No ano passado, em Portugal houve 1160 ataques registados mas só cerca de 15% chega a inquérito, ou seja, são alvo de investigação.

Neste momento há um ataque ciber em cada 11 segundos em todo o mundo (e este número está a aumentar).

No caso da Vodafone, sabemos que este "foi um dos dois maiores ciberataques que Portugal já sofreu" e que este ataque "teve uma natureza muito específica". 

No entanto, Paulo Portas deixa um aviso: "não há hackers bons e hackers maus. A comunicação social é useira e vezeira em usar hackers,  pagar-lhes para obter certo tipo de documentos e de notícias. Talvez isto seja uma lição", diz.

A guerra está a mudar de natureza

"A guerra está a mudar de natureza e vai estar cada vez mais no lado ciber", diz Paulo Portas, questionando "se este não deve ser o quarto ramo das forças armadas".

São, no entanto, tipos de guerra muito diferentes.

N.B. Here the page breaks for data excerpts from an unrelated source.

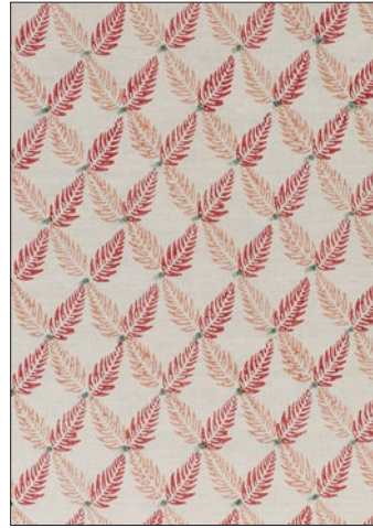
KNOT GARDEN 3 COLORWAYS (31659)
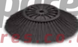
Side Brush 6.906-414
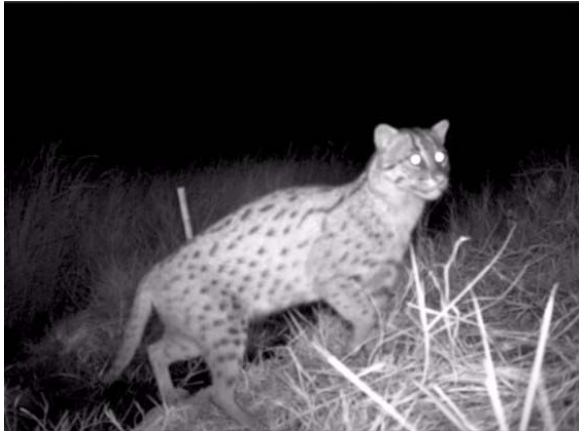
Adult female named "Wishbone" due to the Y-shaped pattern on her right shoulder resembling a wish bone

individual fishing cats. The three trapping clusters formed a roughly north-south axis with the distance between clusters ranging from 0.9 to 2.8 kilometers. The female/kitten pair was photographed in each patch whereas the adult male may only have been photographed only in the southernmost patch.

A guerra convencional tem um território definido, a ciber guerra "tem como território a nuvem, ou seja o planeta".  "Na guerra tradicional há algum conhecimento sobre o adversário, na ciberguerra, o hacker ou o grupo criminoso sabe tudo sobre a vítimas mas a vítima não sabe nada sobre o atacante (onde está, quem é, o que pretende)."

Na ciberguerra, a motivaçao já não é ideologia ou interesse nacional, "pode haver imensas razões, pode ser vontade de provocar o caos, resgates (pedir dinheiro), outros são subcontratações de estados falhados". A duração também é diferente, já não há "um derrotado e um vencedor, é interminável porque há uma história que termina hoje, mas outra começa amanhã".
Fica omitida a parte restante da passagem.